I was a freshman, and more than a little nervous about taking History 101 from Dr. Michael Coray.

It was a hot August morning, and my back was already perspiring against a hard classroom chair.

Perspiration became one of the constants of History 101. Not because I was scared. That wore off rather quickly. Instead, the perspiration came because of Coray’s unique ability to challenge, to make you question the modern historical narrative.

“The reality,” he recently told me, remembering those days in the classroom, “is that you want people to think for themselves; you want to challenge them, and you want for them to challenge you.”

History had never been a give-and-take experience like the way it was in Michael Coray’s class.

Certainly, he could be demanding. We took our examinations in “blue books” back then, and I spent the entire semester cramming into the wee hours of the morning, frantically making sure that my knowledge of American history would be substantial enough to fill an entire blue book in the frenzied 50 minutes I had to write during one of Dr. Coray’s exams.

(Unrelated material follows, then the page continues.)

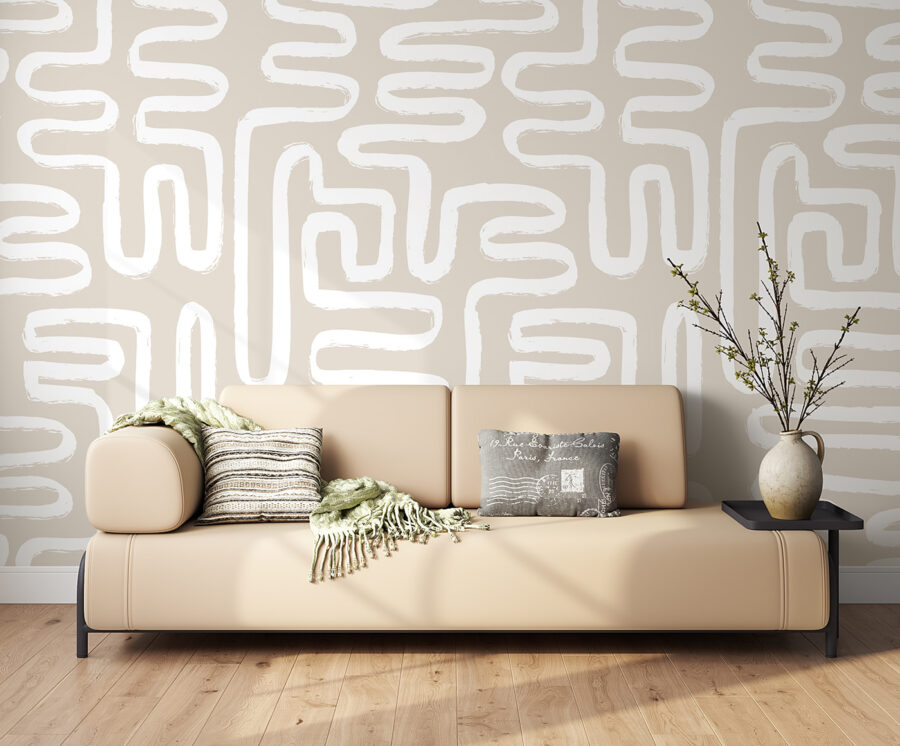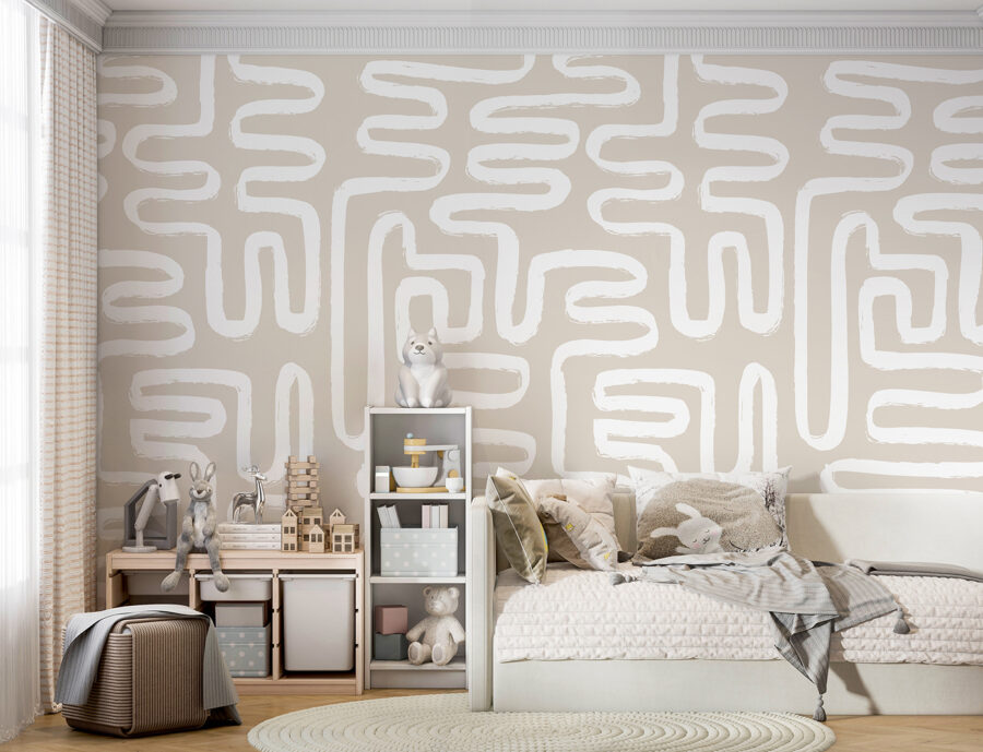 Transform your walls into a canvas of creativity with this abstract mural featuring elegant white lines on a soft beige backdrop. It’s like having a modern art gallery right at home. Imagine sipping coffee while admiring these playful curves—perfect for sparking conversations or just letting your imagination wander. Whether it’s in the living room, office, or even a cozy reading nook, this design adds a refreshing touch without being overly flashy. It’s subtle yet striking, ideal for those who appreciate the beauty in simplicity and want to elevate their space. Ideal for anyone seeking a little inspiration in their everyday surroundings.

More than the blue books, though, I remember wonderful moments of clarity, where Dr. Coray’s brow would furrow as he bore down on you, asking you to explain one of your preconceived notions about history. He would listen respectfully, purse his lips and tilt his head in an approving manner if you were on the right track.

The hardest part was remembering the names of the people I had never heard of before, those that were, until I took his class, utterly invisible to me.

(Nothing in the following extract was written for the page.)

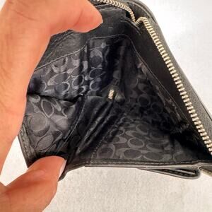 coach wallet, black leather wallet, compact wallet, everyday essentials, minimalist style, quiet luxury, classiccore, unisex accessories, vintage coach, zip around wallet, designer wallet, timeless leather
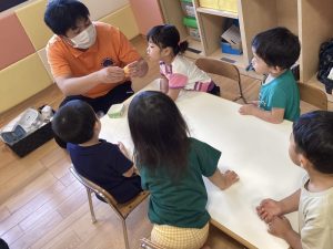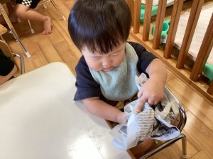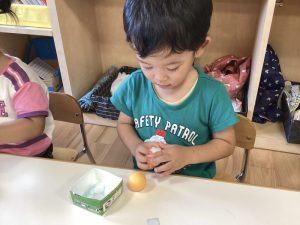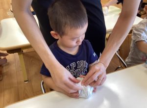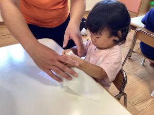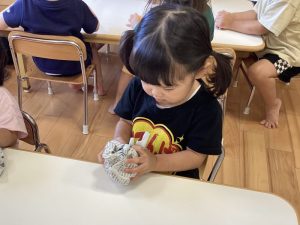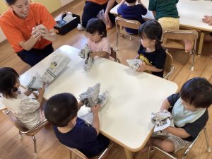 「ギュッギュ❗️」と言いながら、力を込めて丸める子どもたち🙌

What he taught me forever changed how I viewed history.

To a historian like Michael Coray, history is never stale and stagnant. It evolves. It has dynamism. It is real, and is populated by people of all ethnicities, all colors, from countries far outside America’s borders and enclaves from within our Republic.

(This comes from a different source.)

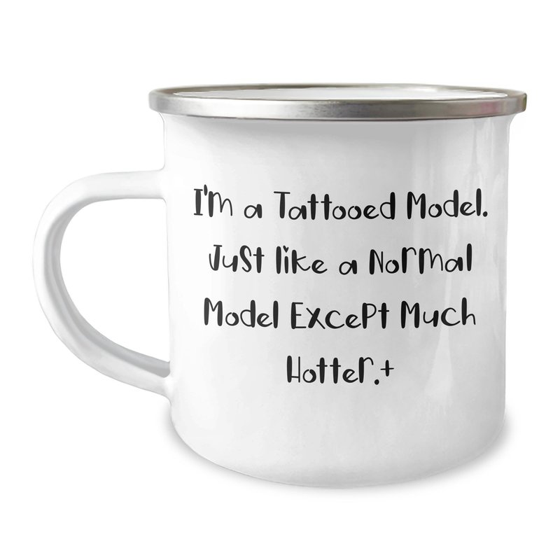 - Show off your love for models with this unique camping mug, designed to make a statement. This quote 'I'm A Tattooed Model. Just Like A Normal Model Except Much Hotter.+' is a bold statement that shows you're a fan of their unique style, and this mug is the perfect way to express that.

High school history had taught me the names of Benjamin Franklin and Thomas Jefferson and FDR. Yet it was Michael Coray who taught me the names of Marcus Garvey, Langston Hughes and W.E.B. DuBois.

Today, as I hear the speeches of Barrack Obama, I hear the words of DuBois.

Without Coray, my sensitivities would have never been heightened enough to compare two important figures in the history of our country, contrasting their words. Without Coray, I would never wonder why one of these men could run for president while the other would write with an aching yearning if that day would ever come, how one went to Africa to find his past … while another saw Africa as a key to America’s future.

“Those wonderful ‘light bulb’ moments,” Coray said. “I’ve always been interested in what my students have had to say … but I’ve also been interested in what happens to me, as I’m listening, because I get new ideas from a student who challenges me or makes me re-think one of my own preconceived notions.

“That’s a wonderful dynamic. It’s what teaching is all about to me. And that’s why I want to return to the classroom – those inspiring moments when someone says something and my mouth drops open, and I say, ‘Wow. What you’ve said is incredible.’”

On Monday, Coray announced that he would be stepping down from the post that he has ably manned for the past 18 years, as the Special Assistant to the President for Diversity.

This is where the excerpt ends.